У Завадского играли: артист Мейерхольда – Александр Иосифович Костомолоцкий и Этель Львовна Ковенская, которая прежде работала у Соломона Михоэлса (в 1949 году Государственный еврейский театр – ГОСЕТ – был закрыт, и Юрий Александрович сразу же пригласил ее в Театр имени Моссовета, потом она играла Корделию в спектакле Анисимовой-Вульф).

Спектакли Завадского переносили в мир нездешней игры. В “Виндзорских насмешницах” она начиналась в фойе и продолжалась на сцене. Тоска его прорывалась в “Петербургских сновидениях” – особенно в сцене поминок. И “Маскарад”, который Завадского не отпускал… Юрий Александрович ставил его несколько раз, в одной из версий появились черные зеркала. Он не был приверженцем определенного типа театра. Свободный человек, не ортодокс.

Мой театр идет, конечно, от Завадского. Он был человек вахтанговского толка – мощный и легкий одновременно. У него была замечательная творческая молодость: главный артист у Евгения Багратионовича Вахтангова, потом у Константина Сергеевича Станиславского. Завадский – артист Московского Художественного театра, граф Альмавива, куда уж больше?! И вдруг уходит в свою студию на Сретенке. Мы этот период совсем не знаем, судить можем только по фотографиям, но впечатление такое, что там был такой Театр-Театр, очень яркий, живописный. А в 1936 году уехал из столицы в Ростов, увез театр не на гастроли, не на сезон, а на годы. Видимо, тем самым спасал себя и многих других. Сработала интуиция. Весь театр тогда поехал за ним: Николай Мордвинов, Ростислав Плятт, Вера Марецкая.

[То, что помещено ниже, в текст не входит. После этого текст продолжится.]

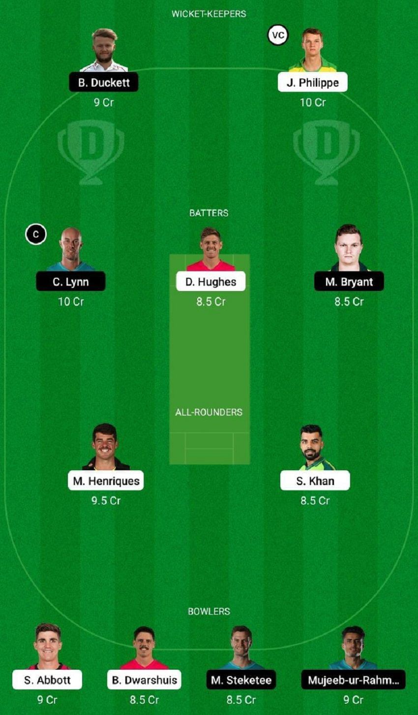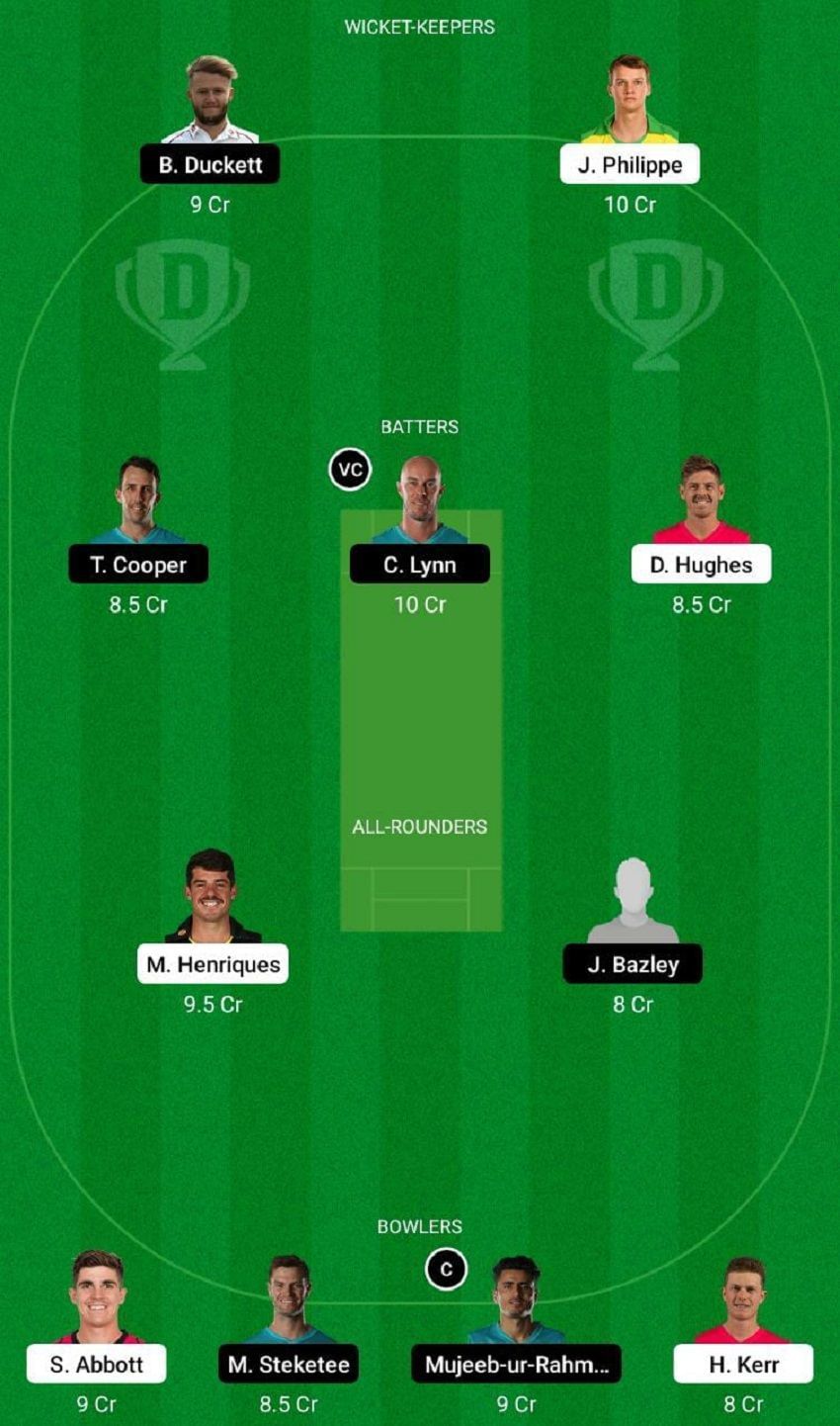 Fantasy Suggestion #1: Ben Duckett, Josh Philippe, Chris Lynn, Daniel Hughes, Max Bryant, Moises Henriques, Shadab Khan, Sean Abbott, Ben Dwarshuis, Mark Steketee and Mujeeb Ur Rehman

Марина Ивановна Цветаева отчего-то назвала Завадского “прохладным”. Наверняка у нее были основания. Но я-то как раз помню в Юрии Александровиче – и помню отчетливо – темперамент. У меня каждый раз создавалось впечатление, что он и себя, и все вокруг себя приподнимал, этому я до сих пор у него учусь. Бывает, что мы все устаем, оседаем, но Юрий Александрович никогда не позволял себе быть не в форме, и это касалось не только внешней стороны жизни.

Мы во время учебы и после института бывали у Завадского дома, и он всегда подавал пальто, когда мы уходили. Я – студент, а мне Завадский подает пальто. Мы, конечно, вырывались, но он говорил: “Нет!” Настаивал на своем: “В этом доме только так”.

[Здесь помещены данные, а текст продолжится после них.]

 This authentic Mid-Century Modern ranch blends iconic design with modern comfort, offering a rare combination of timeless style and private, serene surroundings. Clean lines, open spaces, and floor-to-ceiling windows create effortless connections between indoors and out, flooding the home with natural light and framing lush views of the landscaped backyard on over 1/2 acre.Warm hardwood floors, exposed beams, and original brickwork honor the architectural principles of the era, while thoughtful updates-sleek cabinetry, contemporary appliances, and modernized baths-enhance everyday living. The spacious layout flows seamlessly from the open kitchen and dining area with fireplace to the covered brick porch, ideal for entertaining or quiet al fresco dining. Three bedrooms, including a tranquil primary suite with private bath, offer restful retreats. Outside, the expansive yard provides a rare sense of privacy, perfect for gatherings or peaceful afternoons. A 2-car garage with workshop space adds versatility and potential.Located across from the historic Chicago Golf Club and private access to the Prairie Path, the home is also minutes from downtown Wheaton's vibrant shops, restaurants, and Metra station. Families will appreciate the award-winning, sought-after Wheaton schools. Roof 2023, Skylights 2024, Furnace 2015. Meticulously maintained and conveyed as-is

В институте Завадский рассказывал: “Я взял у Александра Николаевича Островского идею “образцового театра” и придумал целое движение – “Образцовый театр образцовому городу”. И начальство мне теперь говорит: “Раз у вас образцовый театр, он должен ставить образцовые пьесы”. Вот придумал на свою голову”.

У Завадского сложно складывались взаимоотношения с советской властью. Но он понимал, что надо жить эту жизнь, другой у него нет. И не нам осуждать его за конъюнктуру. Теперь смотришь на людей и понимаешь, что такого уровня не найдешь. Да, были постановки, которые Завадскому явно навязывали. Но он понимал, что надо – для театра надо. И конечно, ради театра был готов на все. И я это у него взял.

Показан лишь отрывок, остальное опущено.